Both yes? Ok, this is what we do.

First, create a functional index on the geography version of the geometry data. (Since you’re here, make a standard geometry index too, for other purposes.)

CREATE INDEX the_table_geom_geog_x
ON the_table
USING GIST (geography(geom));

CREATE INDEX the_table_geom
ON the_table
USING GIST (geom);

Now we have an index that understands geographic coordinates!

All we need now is a way to query the table that uses that index efficiently. The key with functional indexes is to ensure the function you used in the index shows up in your query.

SELECT * 
FROM the_table
WHERE ST_DWithin(
    geography(geom),
    geography(ST_SetSRID(ST_MakePoint(%lon, %lat), 4326))
    %radius
    );

What’s going on here? By using the “geography” version of ST_DWithin() (where both spatial arguments are of type “geography”) I get a search in geography space, and because I have created a functional index on the geography version of the “geom” column, I get it fully indexed.

Random Notes

  • The user blog post asserts incorrectly that their best performing query is much faster because it is “using the spatial index”.
SELECT 
    "core_searchcriteria"."id", 
    "core_searchcriteria"."geo_location"::bytea,
     "core_searchcriteria"."distance",
     ST_DistanceSphere(
        "core_searchcriteria"."geo_location", 
        ST_GeomFromEWKB('\001\001\000\000 \346\020\000\000\000\000\000\000\000@U@\000\000\000\000\000\000@@'::bytea)) AS "ds" 
     FROM "core_searchcriteria" 
        WHERE ST_DistanceSphere(
            "core_searchcriteria"."geo_location", 
            ST_GeomFromEWKB('\001\001\000\000 \346\020\000\000\000\000\000\000\000@U@\000\000\000\000\000\000@@'::bytea)
        ) <= "core_searchcriteria"."distance";
  • However, the WHERE clause is just not using any of the spatially indexable functions. Any observed speed-up is just because it’s less brutally ineffecient than the other queries.
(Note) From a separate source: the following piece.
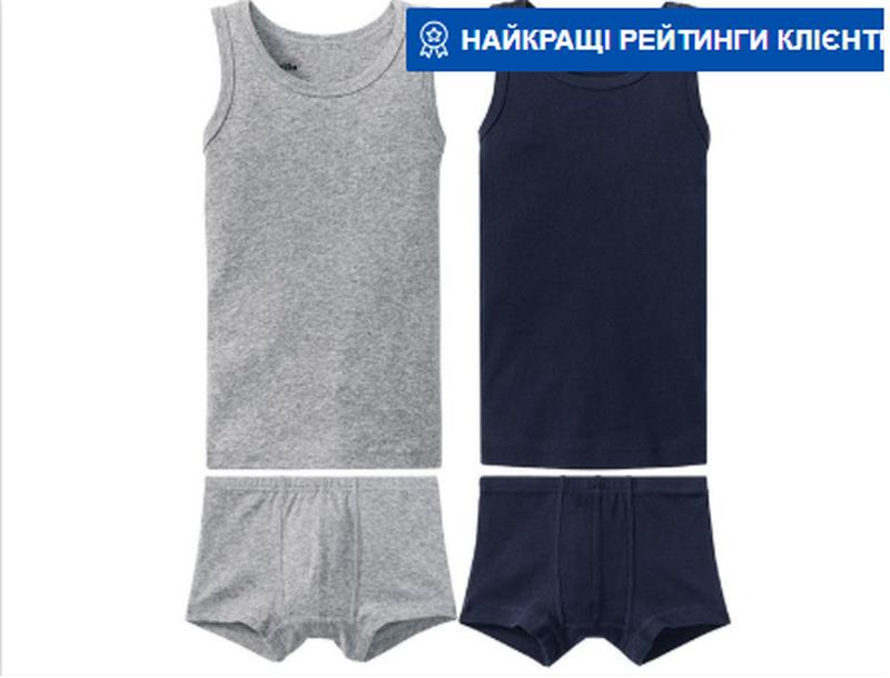 Набір білизни Lupilu Специфікація: Тип білизни: комплект, майка, труси Матеріал: бавовна, еластан Склад: 100% бавовна В набір входить - 2 майки, 2 трусів. Розміри в наявності: 86/92 - 1,5 - 2 року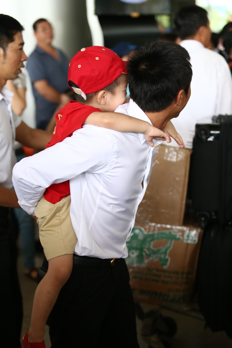 Cường Đôla giúp vợ xách hành lý trong khi nữ ca sĩ cưng nựng cậu nhóc. Hà Hồ từng tâm sự, trong gia đình, cô luôn phải đóng vai ác vì Cường Đôla không bao giờ nỡ mắng con chứ đừng nói là đánh hay phạt bé Subeo.

  • Why was the original brutally inefficient?

SELECT 
    "core_searchcriteria"."id", 
    "core_searchcriteria"."geo_location"::bytea, 
    "core_searchcriteria"."distance", 
    ST_Buffer(
        CAST("core_searchcriteria"."geo_location" AS geography(POINT,4326)), "core_searchcriteria"."distance"
        )::bytea AS "buff" FROM "core_searchcriteria" 
    WHERE ST_Intersects(
        ST_Buffer(
            CAST("core_searchcriteria"."geo_location" AS geography(POINT,4326)), "core_searchcriteria"."distance"), 
        ST_GeomFromEWKB('\001\001\000\000 \346\020\000\000\000\000\000\000\000@U@\000\000\000\000\000\000@@'::bytea)
    )
  • The WHERE clause converts the entire contents of the data column to geography and then buffers every single object in the system.
  • It then compares all those buffered objects to the query object (what, no index? no).
  • Since the column objects have all been buffered… any spatial index that might have been built on the objects is unusable. The index is on the originals, not on the buffered objects.